## TASK INPUT

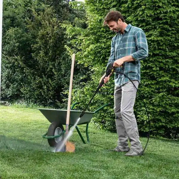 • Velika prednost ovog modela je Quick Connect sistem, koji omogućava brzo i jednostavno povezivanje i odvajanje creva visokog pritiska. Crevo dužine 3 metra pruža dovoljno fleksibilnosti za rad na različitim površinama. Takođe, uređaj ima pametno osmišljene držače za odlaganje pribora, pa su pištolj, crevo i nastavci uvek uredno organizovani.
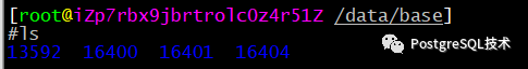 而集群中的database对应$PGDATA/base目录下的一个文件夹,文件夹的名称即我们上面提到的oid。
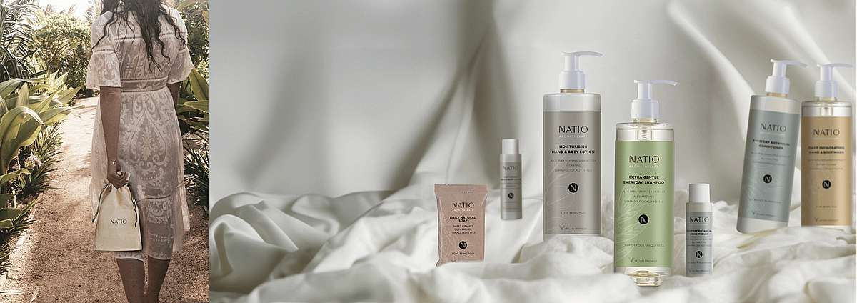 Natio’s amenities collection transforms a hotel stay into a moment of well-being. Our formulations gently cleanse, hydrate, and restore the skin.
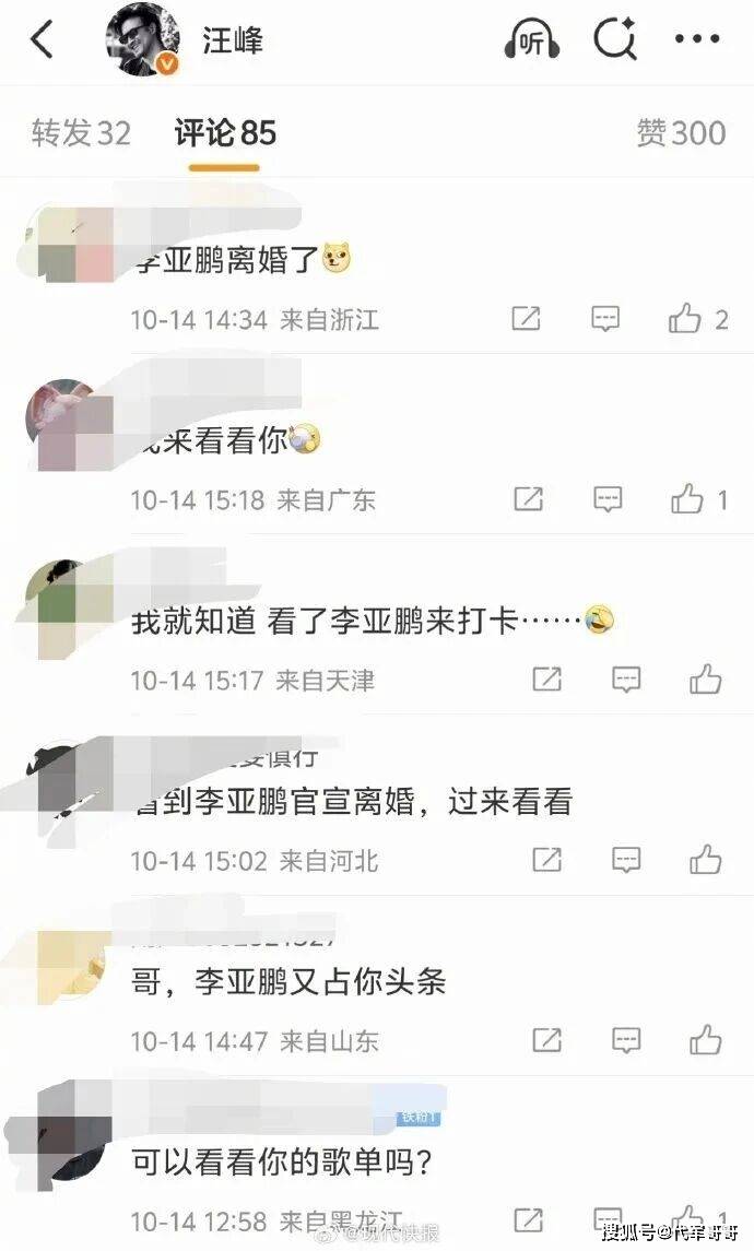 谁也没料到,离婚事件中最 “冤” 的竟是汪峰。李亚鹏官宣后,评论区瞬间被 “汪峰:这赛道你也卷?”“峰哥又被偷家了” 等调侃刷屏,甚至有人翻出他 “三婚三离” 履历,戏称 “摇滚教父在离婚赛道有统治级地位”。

...

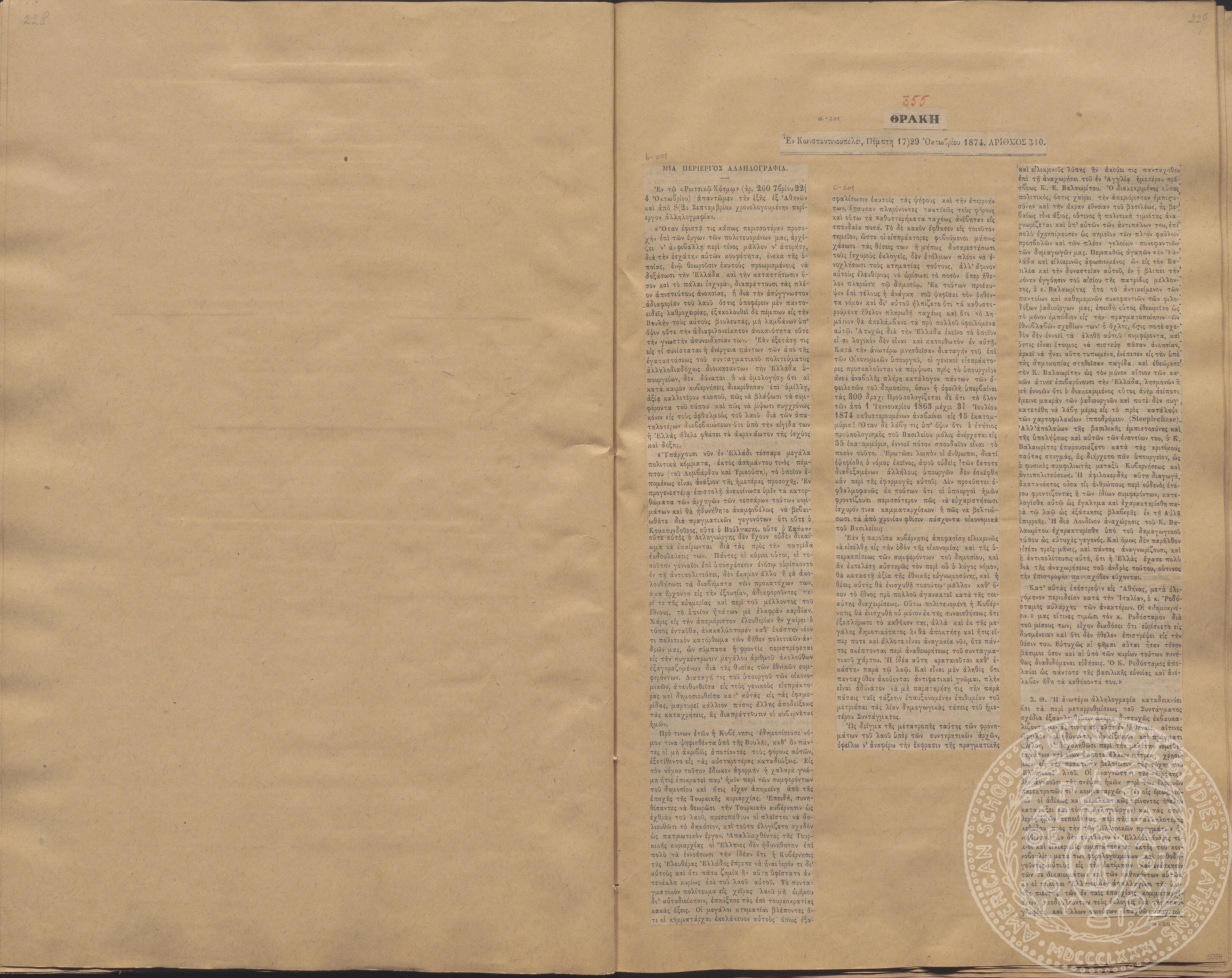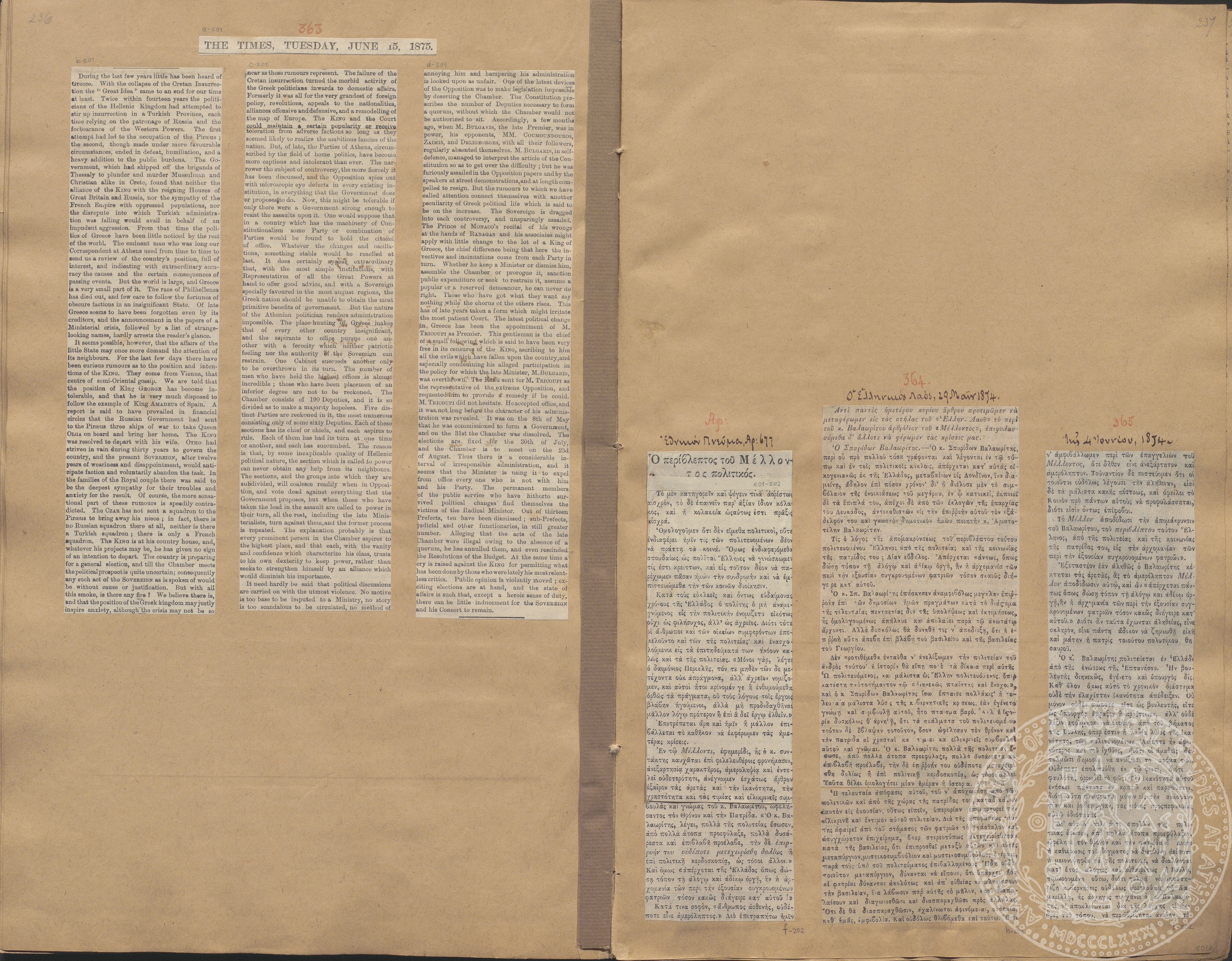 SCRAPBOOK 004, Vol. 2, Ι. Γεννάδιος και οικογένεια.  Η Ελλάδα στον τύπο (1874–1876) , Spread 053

==

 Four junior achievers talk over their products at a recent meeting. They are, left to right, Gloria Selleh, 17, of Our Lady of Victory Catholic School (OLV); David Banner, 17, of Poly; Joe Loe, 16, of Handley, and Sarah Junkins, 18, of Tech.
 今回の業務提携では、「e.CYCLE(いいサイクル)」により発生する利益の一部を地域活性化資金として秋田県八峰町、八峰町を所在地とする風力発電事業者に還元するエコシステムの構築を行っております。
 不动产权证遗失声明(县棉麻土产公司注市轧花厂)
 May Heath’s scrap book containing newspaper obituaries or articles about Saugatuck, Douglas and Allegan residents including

## HOW TO COMPLETE THIS TASK
The reply should consist solely of the lines above from the one that has "不动产权证遗失声明(县棉麻土产公司注市轧花厂)" through the one that has "May Heath’s scrap", reproduced exactly.

## REPLY
 不动产权证遗失声明(县棉麻土产公司注市轧花厂)
 May Heath’s scrap book containing newspaper obituaries or articles about Saugatuck, Douglas and Allegan residents including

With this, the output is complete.